In the entries below, find the line with "The Scaritech Ergo" and the line with "PREMIER potato peeler.", then retype both and everything between them exactly. Do not copy the pictures.

* **Records for the task**
_ _ _ _ _ _ _
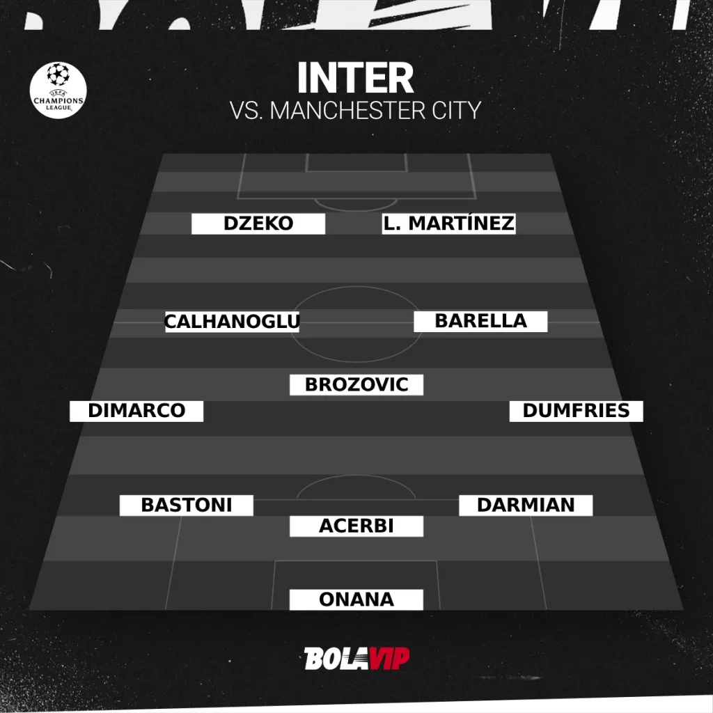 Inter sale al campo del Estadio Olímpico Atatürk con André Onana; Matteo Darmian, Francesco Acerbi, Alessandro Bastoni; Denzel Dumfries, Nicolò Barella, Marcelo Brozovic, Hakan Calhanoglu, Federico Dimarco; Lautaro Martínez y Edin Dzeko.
_ _ _ _ _ _ _
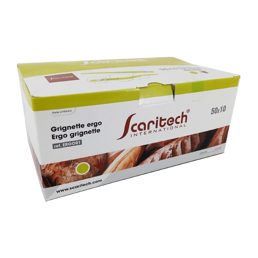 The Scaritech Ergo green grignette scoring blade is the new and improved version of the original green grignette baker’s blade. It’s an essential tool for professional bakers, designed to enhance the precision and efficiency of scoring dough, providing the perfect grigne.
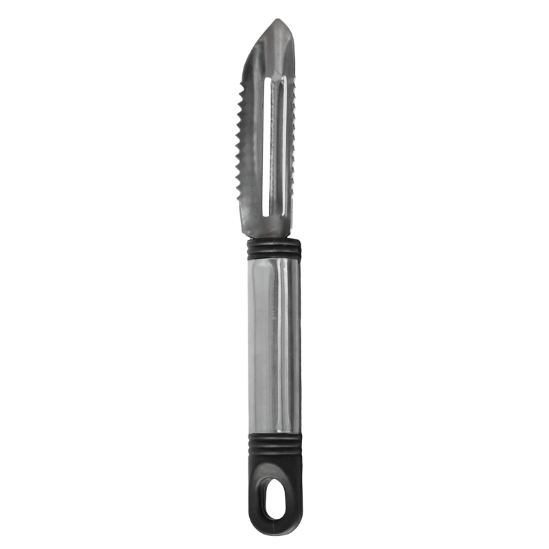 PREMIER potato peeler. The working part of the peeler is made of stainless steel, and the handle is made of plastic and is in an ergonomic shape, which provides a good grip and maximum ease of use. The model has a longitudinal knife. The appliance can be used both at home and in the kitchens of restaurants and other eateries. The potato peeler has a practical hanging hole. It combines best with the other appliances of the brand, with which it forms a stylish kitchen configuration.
_ _ _ _ _ _ _
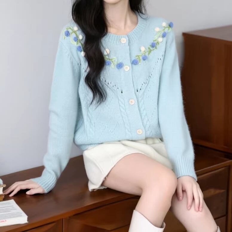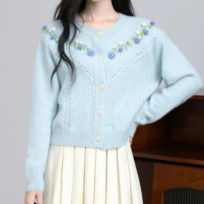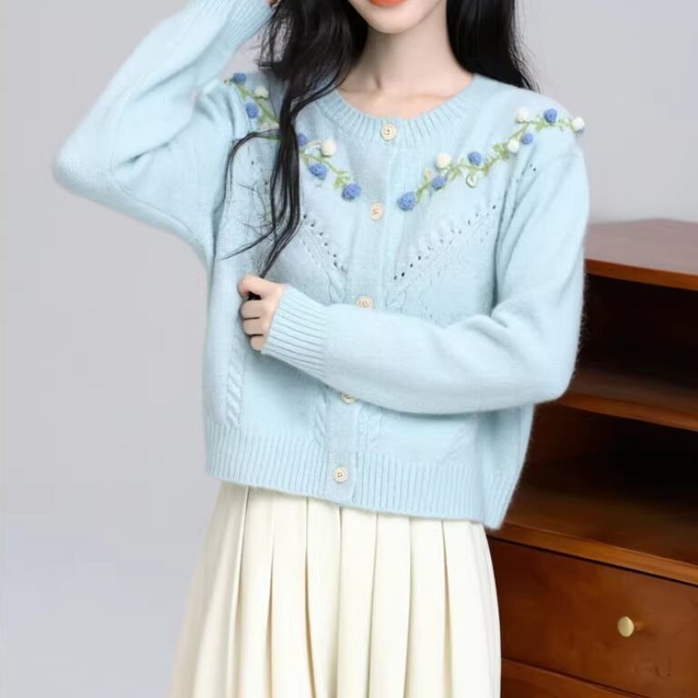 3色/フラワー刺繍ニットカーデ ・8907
_ _ _ _ _ _ _
* **Written solution**
 The Scaritech Ergo green grignette scoring blade is the new and improved version of the original green grignette baker’s blade. It’s an essential tool for professional bakers, designed to enhance the precision and efficiency of scoring dough, providing the perfect grigne.
 PREMIER potato peeler. The working part of the peeler is made of stainless steel, and the handle is made of plastic and is in an ergonomic shape, which provides a good grip and maximum ease of use. The model has a longitudinal knife. The appliance can be used both at home and in the kitchens of restaurants and other eateries. The potato peeler has a practical hanging hole. It combines best with the other appliances of the brand, with which it forms a stylish kitchen configuration.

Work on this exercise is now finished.